Em 2003, B, residente do Interior da China, casou-se com C e teve uma filha. C faleceu em 2015 por doença. Em 2016, B encontrou-se com A, residente de Macau (seu antigo colega de escola primária), tendo eles trocado números de telefone e de WeChat. Posteriormente, A e B acordaram em ajudar B a obter o Bilhete de Identidade de Residente de Macau mediante casamento falso, tendo registado o casamento em Jiangmen em 2018 e obtido a certidão de casamento. De facto, A e B não tinham vontade de contrair casamento nem de viver juntos, pretendendo apenas requerer a fixação de residência em Macau para B com fundamento na reunião conjugal. Realizado o registo, A continuou a viver em Macau e B ficou no Interior da China. Em 2019, A apresentou à Direcção dos Serviços de Identificação o requerimento de alteração do estado civil, declarando B como seu cônjuge e anexando a cópia da certidão de casamento acima referida como comprovativo da relação conjugal dos dois. Em 2022, B apresentou dois requerimentos de autorização de residência junto do Corpo de Polícia de Segurança Pública de Macau, pedindo a autorização de residência em Macau para si e para a sua filha, respectivamente, com fundamento na reunião conjugal e na reunião de madrasta e filha. No mesmo ano, A e B entregaram à autoridade a cópia da referida certidão de casamento e a declaração de manutenção da relação conjugal / união de facto assinada por ambos, na qual declararam que mantinham a relação matrimonial legal e coabitavam. No entanto, após a verificação dos dados de migração e uma investigação profunda, o CPSP descobriu que era falsa a relação conjugal entre os dois, tendo revelado posteriormente o caso. O Ministério Público deduziu acusação contra A e B. Após o julgamento, o Tribunal Judicial de Base condenou A e B, pela prática, na co-autoria material, de um “crime de simulação e invocação de certos actos jurídicos para obtenção de autorizações”, p. e p. pelo art.º 78.º da Lei n.º 16/2021, respectivamente, na pena de 2 anos e 6 meses de prisão, suspensa na sua execução por 3 anos.
Inconformados, recorreram A e B para o Tribunal de Segunda Instância, alegando que a decisão do Tribunal a quo padecia dos vícios de erro notório na apreciação da prova e de erro na aplicação da lei.

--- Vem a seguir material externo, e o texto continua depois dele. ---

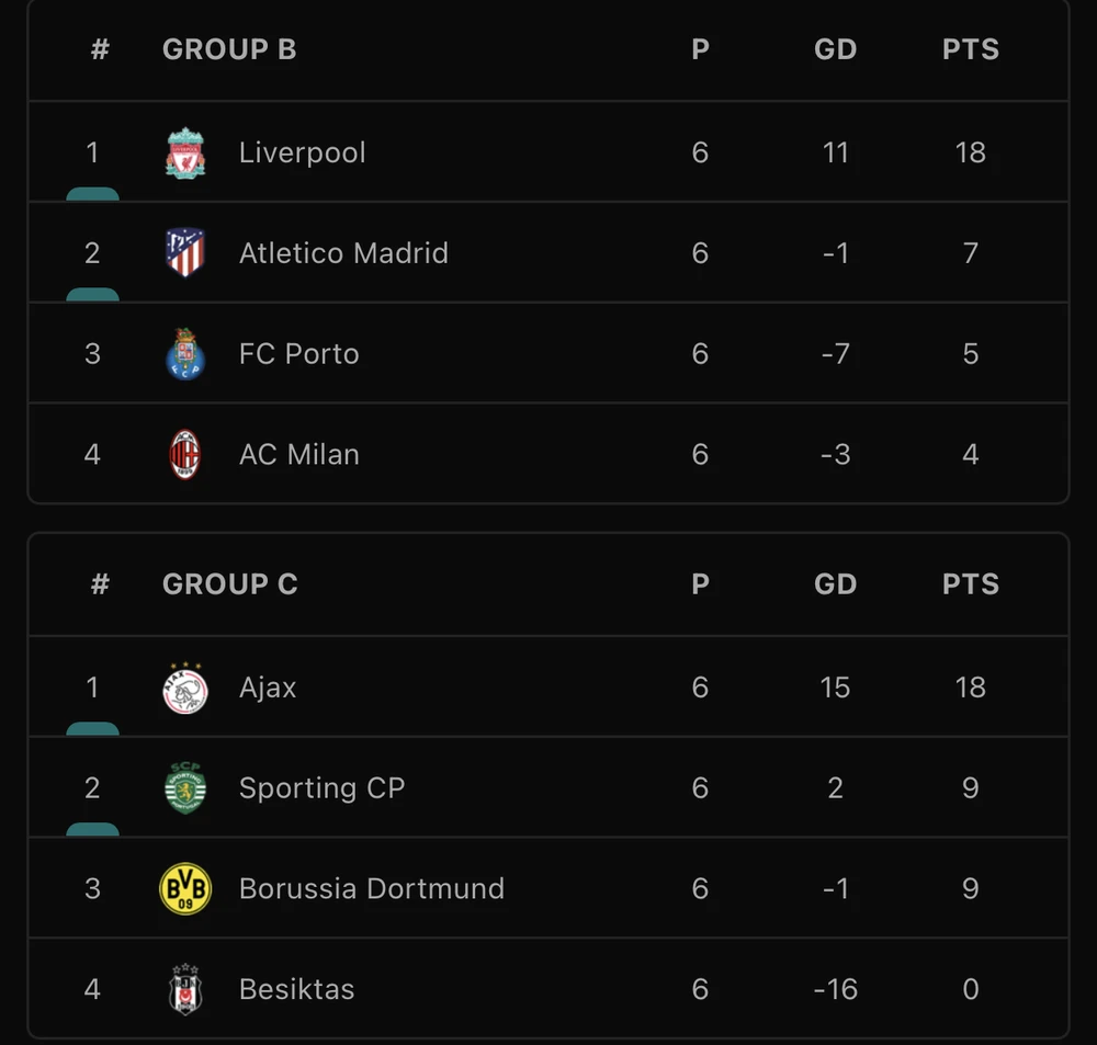 Tại bảng C, Ajax thắng Sporting với tỷ số 4-2 và Dortmund “hủy diệt” Besiktas với tỷ số 5-0. Ajax đi tiếp vào vòng 16 đội với 18 điểm sau 6 trận toàn thắng, Sporting và Dortmund có cùng 9 điểm, nhưng Sprorting đứng nhì bảng và Dortmund phải xuống chơi Europa League.

O Tribunal Colectivo do Tribunal de Segunda Instância conheceu do caso. Indicou o Tribunal Colectivo que os recorrentes apresentaram a versão dos factos relativa às provas nos autos apenas com base nas suas análises e opiniões pessoais, o que, porém, não impedia o Tribunal a quo de formar a sua convicção conforme as regras da experiência comum e o senso comum. Entendeu o Tribunal Colectivo que da análise sintética das provas resultou que os sentimentos e as relações entre os dois recorrentes eram anormais e distantes, a comunicação entre os dois se concentrava em ajudar B a obter o direito de residência, esta sensação de estranheza e distância não se coadunava com a forma de convívio dos cônjuges chineses invocada por eles, na realidade também faltava vestígio da vivência em comum dos cônjuges em geral, por isso, a convicção do Tribunal a quo não violou nenhuma regra da experiência comum ou senso comum. Quanto à alegação dos recorrentes do erro na aplicação da lei, no sentido de que as provas em causa não satisfaziam os requisitos constitutivos do crime previsto no art.º 78.º da Lei n.º 16/2021 e era violado o princípio in dubio pro reo, entendeu o Tribunal Colectivo que os recorrentes se limitavam a salientar a falta de prova directa a demonstrar o acordo de casamento falso ou a troca de interesses entre eles resultante da celebração do casamento falso, no entanto, o Tribunal a quo já deu uma fundamentação pormenorizada sobre isso, nem merecia censura a convicção, pelo que era evidente a inexistência de dúvida ou vício. Após a análise, o Tribunal Colectivo entendeu que as condutas dos dois recorrentes preencheram completamente os requisitos constitutivos do crime em causa e os factos dados como provados eram suficientes para constituir o crime imputado, não existindo margem de absolvição.
Face ao exposto, acordaram no Tribunal Colectivo do TSI em negar provimento ao recurso, mantendo-se a decisão do Tribunal a quo.
Cfr. Acórdão do Tribunal de Segunda Instância no Processo n.º 198/2025.